■ **ASSIGNED TASK**
What you return should be the lines from the one with "- Selecione o" through the one with "ブラジル産カイヤナイトを使用したマクラメペンダントです。" in the data below, reproduced exactly with both ends, and no pictures at all.

■ **INPUT RECORDS**
-------------------------

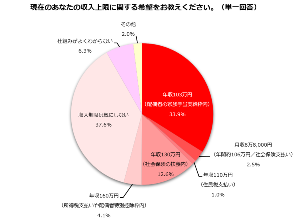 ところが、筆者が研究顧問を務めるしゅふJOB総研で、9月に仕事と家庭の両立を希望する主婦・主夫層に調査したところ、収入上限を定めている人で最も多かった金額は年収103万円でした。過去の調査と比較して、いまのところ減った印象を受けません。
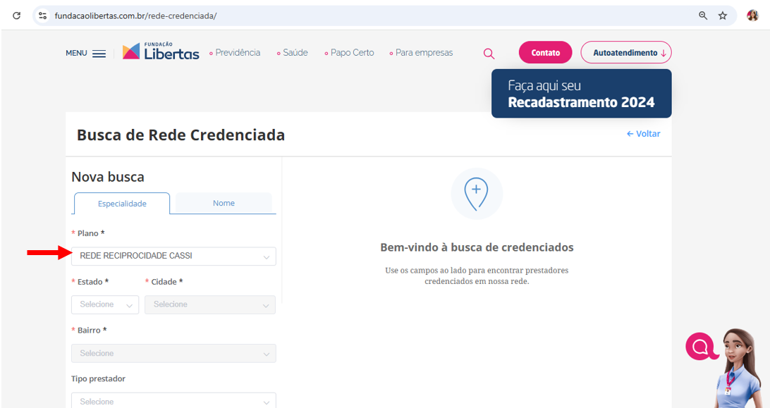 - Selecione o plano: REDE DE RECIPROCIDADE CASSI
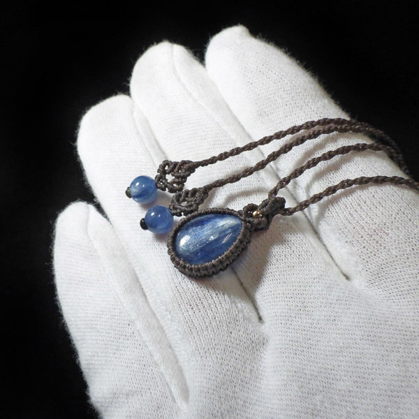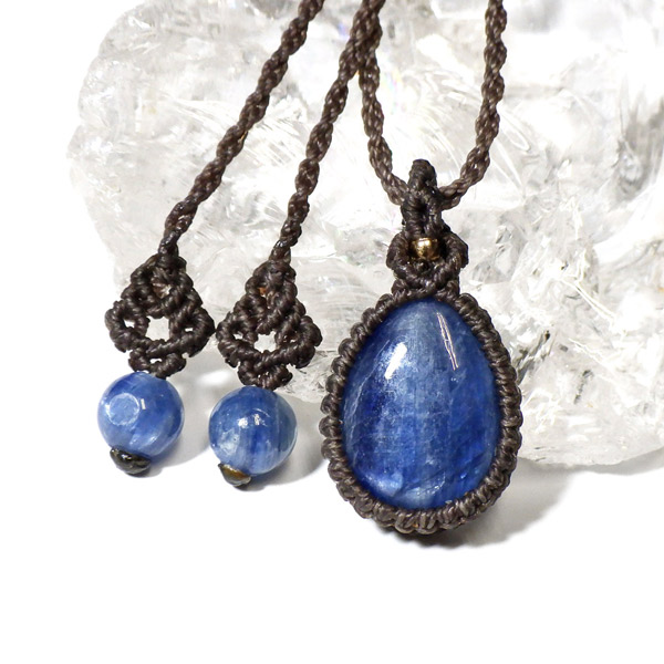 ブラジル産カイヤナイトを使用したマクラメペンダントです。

-------------------------

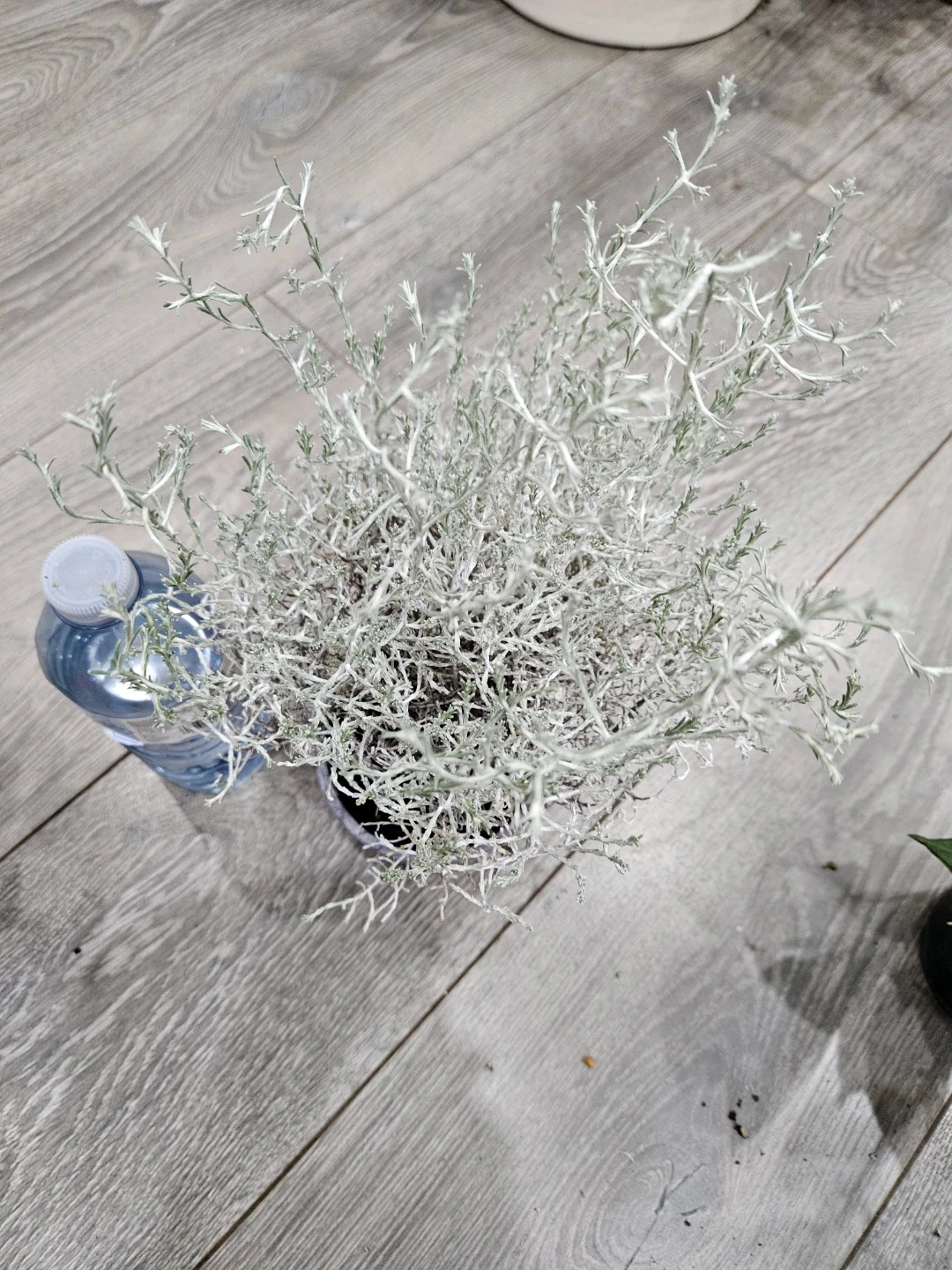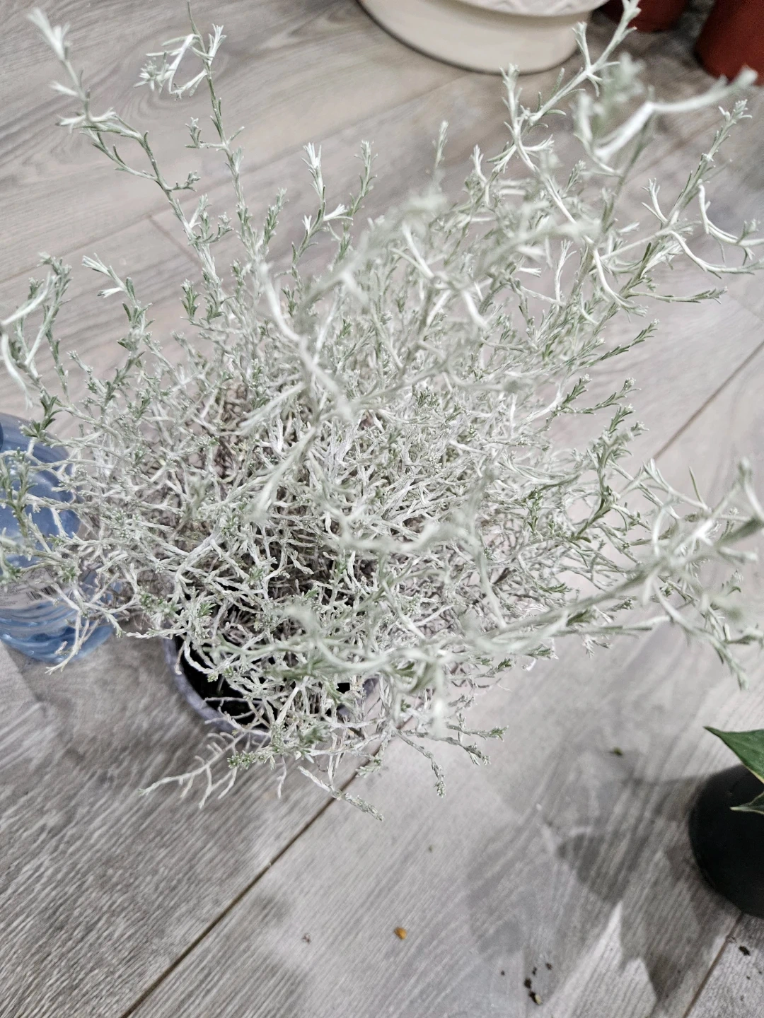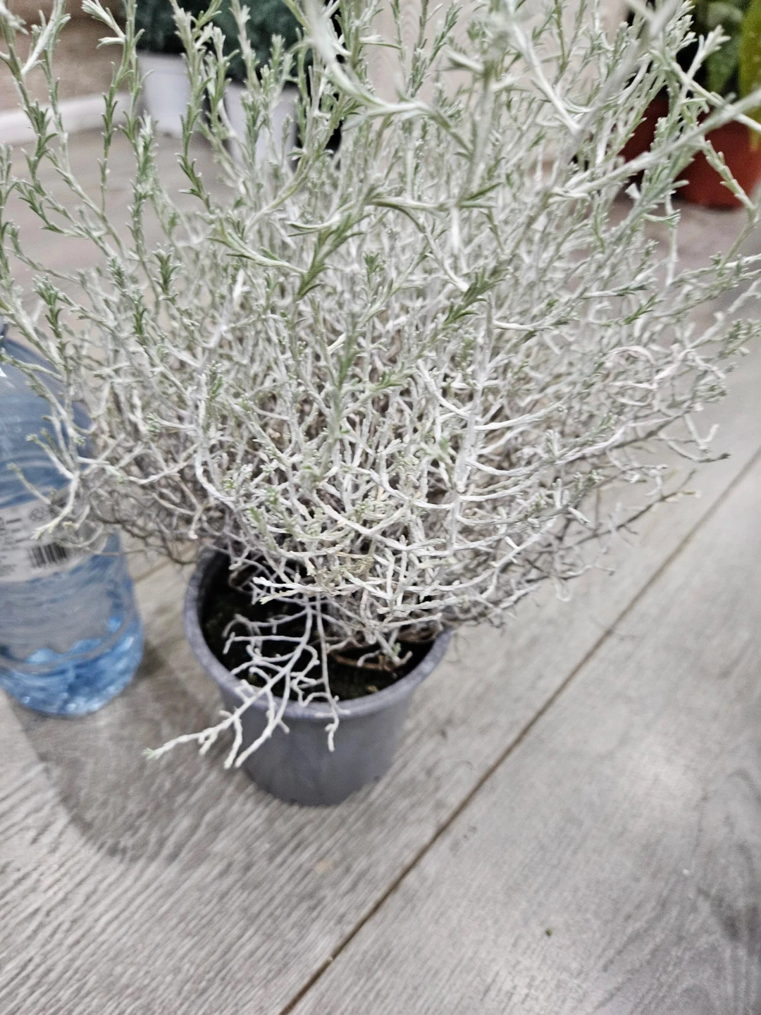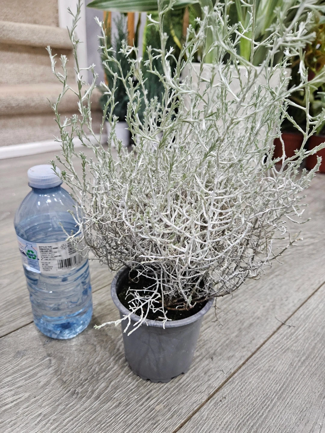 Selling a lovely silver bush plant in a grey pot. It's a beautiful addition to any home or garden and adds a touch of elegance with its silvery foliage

-------------------------

■ **SOLUTION FOR THIS PROBLEM**
 - Selecione o plano: REDE DE RECIPROCIDADE CASSI
 ブラジル産カイヤナイトを使用したマクラメペンダントです。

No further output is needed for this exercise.